A faithful copy of the entries, without any pictures, is what is needed here.

┌─ The data

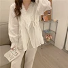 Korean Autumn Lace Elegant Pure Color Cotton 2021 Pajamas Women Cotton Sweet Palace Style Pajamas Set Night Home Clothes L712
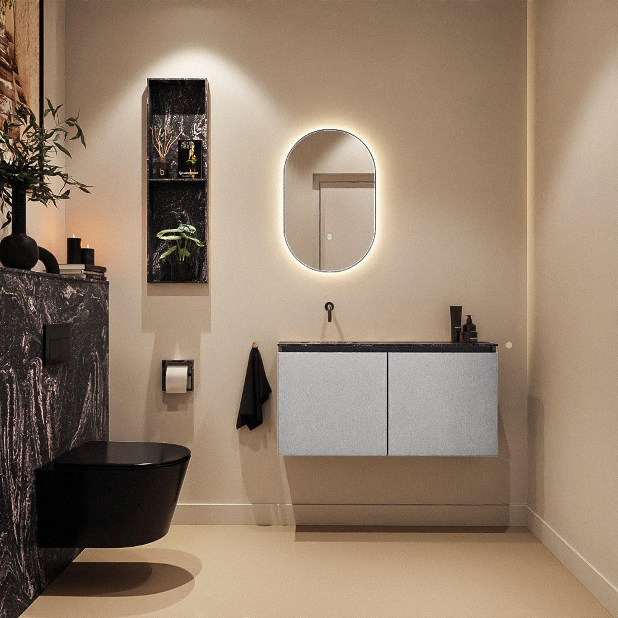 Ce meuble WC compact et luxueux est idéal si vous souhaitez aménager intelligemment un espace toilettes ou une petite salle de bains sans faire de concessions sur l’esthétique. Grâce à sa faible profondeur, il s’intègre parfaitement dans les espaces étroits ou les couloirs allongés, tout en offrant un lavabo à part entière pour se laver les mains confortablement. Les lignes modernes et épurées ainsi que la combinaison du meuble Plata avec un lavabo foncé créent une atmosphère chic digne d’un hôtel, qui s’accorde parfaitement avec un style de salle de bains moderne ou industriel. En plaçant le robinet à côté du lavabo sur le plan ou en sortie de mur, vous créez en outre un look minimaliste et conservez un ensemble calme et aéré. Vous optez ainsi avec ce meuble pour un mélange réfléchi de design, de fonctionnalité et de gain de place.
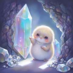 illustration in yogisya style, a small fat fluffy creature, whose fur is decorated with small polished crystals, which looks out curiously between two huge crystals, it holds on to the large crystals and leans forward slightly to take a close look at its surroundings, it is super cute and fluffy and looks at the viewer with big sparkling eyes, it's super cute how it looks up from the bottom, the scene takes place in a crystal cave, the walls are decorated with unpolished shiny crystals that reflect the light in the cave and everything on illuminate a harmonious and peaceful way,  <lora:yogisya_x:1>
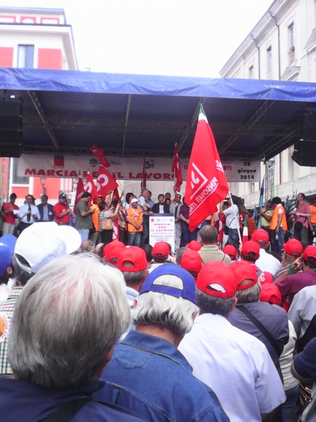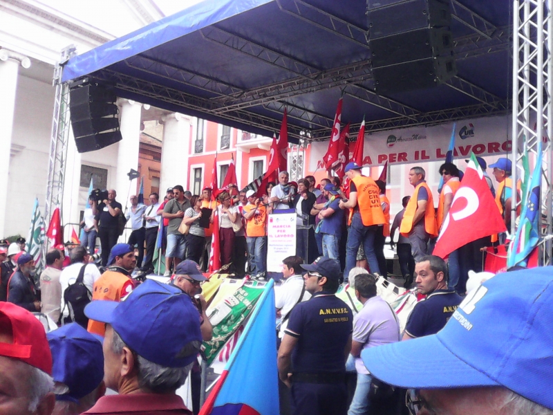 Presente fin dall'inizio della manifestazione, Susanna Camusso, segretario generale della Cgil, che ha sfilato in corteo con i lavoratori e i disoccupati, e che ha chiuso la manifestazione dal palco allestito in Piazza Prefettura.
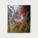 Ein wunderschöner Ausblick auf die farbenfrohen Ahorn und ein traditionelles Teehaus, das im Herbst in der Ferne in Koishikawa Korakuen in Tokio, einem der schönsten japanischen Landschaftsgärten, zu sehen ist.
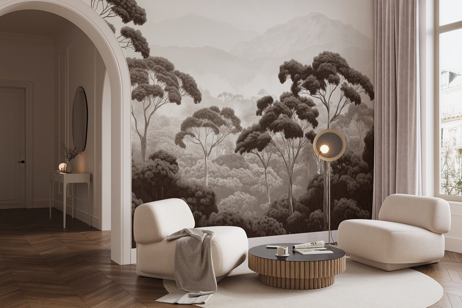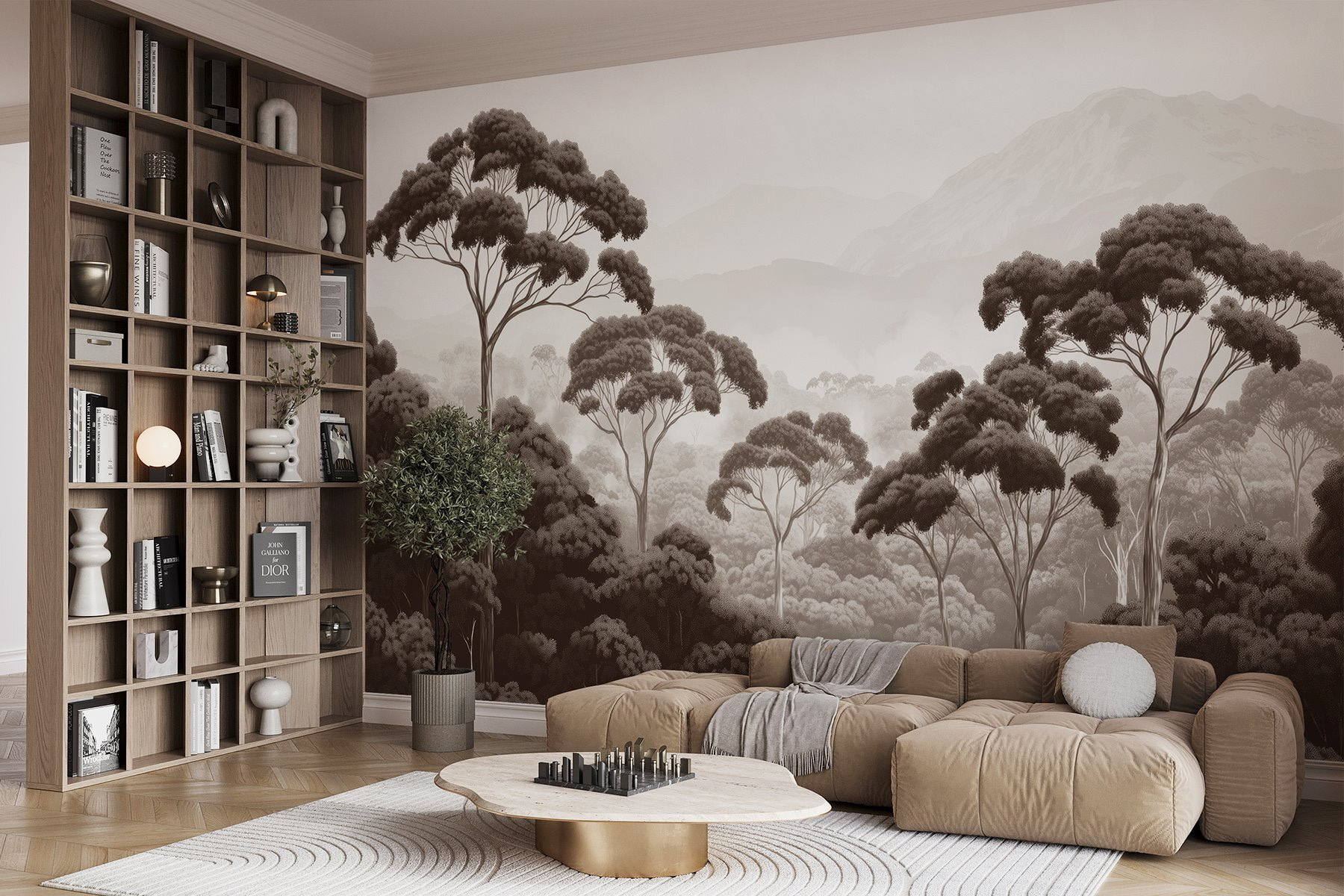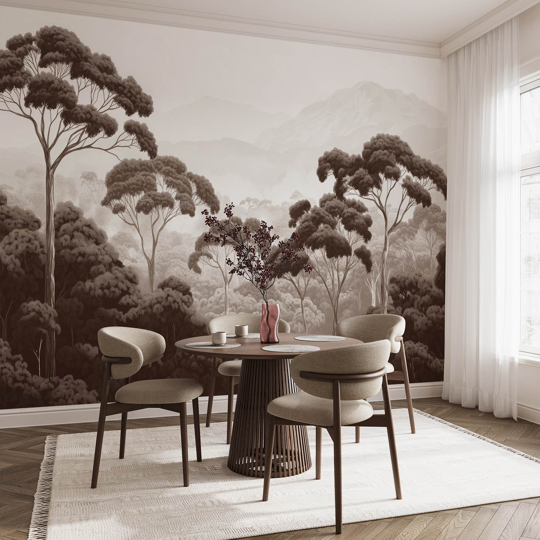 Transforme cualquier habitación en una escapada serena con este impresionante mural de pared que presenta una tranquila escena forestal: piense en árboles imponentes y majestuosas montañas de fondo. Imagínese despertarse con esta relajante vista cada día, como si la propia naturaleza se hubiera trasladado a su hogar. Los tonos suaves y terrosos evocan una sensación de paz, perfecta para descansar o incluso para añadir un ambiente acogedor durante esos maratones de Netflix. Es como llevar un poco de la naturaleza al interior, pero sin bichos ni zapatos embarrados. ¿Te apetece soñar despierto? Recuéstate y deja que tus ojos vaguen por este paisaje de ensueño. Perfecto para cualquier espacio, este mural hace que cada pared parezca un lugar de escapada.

└─

* Written answer
 Korean Autumn Lace Elegant Pure Color Cotton 2021 Pajamas Women Cotton Sweet Palace Style Pajamas Set Night Home Clothes L712
 Ce meuble WC compact et luxueux est idéal si vous souhaitez aménager intelligemment un espace toilettes ou une petite salle de bains sans faire de concessions sur l’esthétique. Grâce à sa faible profondeur, il s’intègre parfaitement dans les espaces étroits ou les couloirs allongés, tout en offrant un lavabo à part entière pour se laver les mains confortablement. Les lignes modernes et épurées ainsi que la combinaison du meuble Plata avec un lavabo foncé créent une atmosphère chic digne d’un hôtel, qui s’accorde parfaitement avec un style de salle de bains moderne ou industriel. En plaçant le robinet à côté du lavabo sur le plan ou en sortie de mur, vous créez en outre un look minimaliste et conservez un ensemble calme et aéré. Vous optez ainsi avec ce meuble pour un mélange réfléchi de design, de fonctionnalité et de gain de place.
 illustration in yogisya style, a small fat fluffy creature, whose fur is decorated with small polished crystals, which looks out curiously between two huge crystals, it holds on to the large crystals and leans forward slightly to take a close look at its surroundings, it is super cute and fluffy and looks at the viewer with big sparkling eyes, it's super cute how it looks up from the bottom, the scene takes place in a crystal cave, the walls are decorated with unpolished shiny crystals that reflect the light in the cave and everything on illuminate a harmonious and peaceful way,  <lora:yogisya_x:1>
 Presente fin dall'inizio della manifestazione, Susanna Camusso, segretario generale della Cgil, che ha sfilato in corteo con i lavoratori e i disoccupati, e che ha chiuso la manifestazione dal palco allestito in Piazza Prefettura.
 Ein wunderschöner Ausblick auf die farbenfrohen Ahorn und ein traditionelles Teehaus, das im Herbst in der Ferne in Koishikawa Korakuen in Tokio, einem der schönsten japanischen Landschaftsgärten, zu sehen ist.
 Transforme cualquier habitación en una escapada serena con este impresionante mural de pared que presenta una tranquila escena forestal: piense en árboles imponentes y majestuosas montañas de fondo. Imagínese despertarse con esta relajante vista cada día, como si la propia naturaleza se hubiera trasladado a su hogar. Los tonos suaves y terrosos evocan una sensación de paz, perfecta para descansar o incluso para añadir un ambiente acogedor durante esos maratones de Netflix. Es como llevar un poco de la naturaleza al interior, pero sin bichos ni zapatos embarrados. ¿Te apetece soñar despierto? Recuéstate y deja que tus ojos vaguen por este paisaje de ensueño. Perfecto para cualquier espacio, este mural hace que cada pared parezca un lugar de escapada.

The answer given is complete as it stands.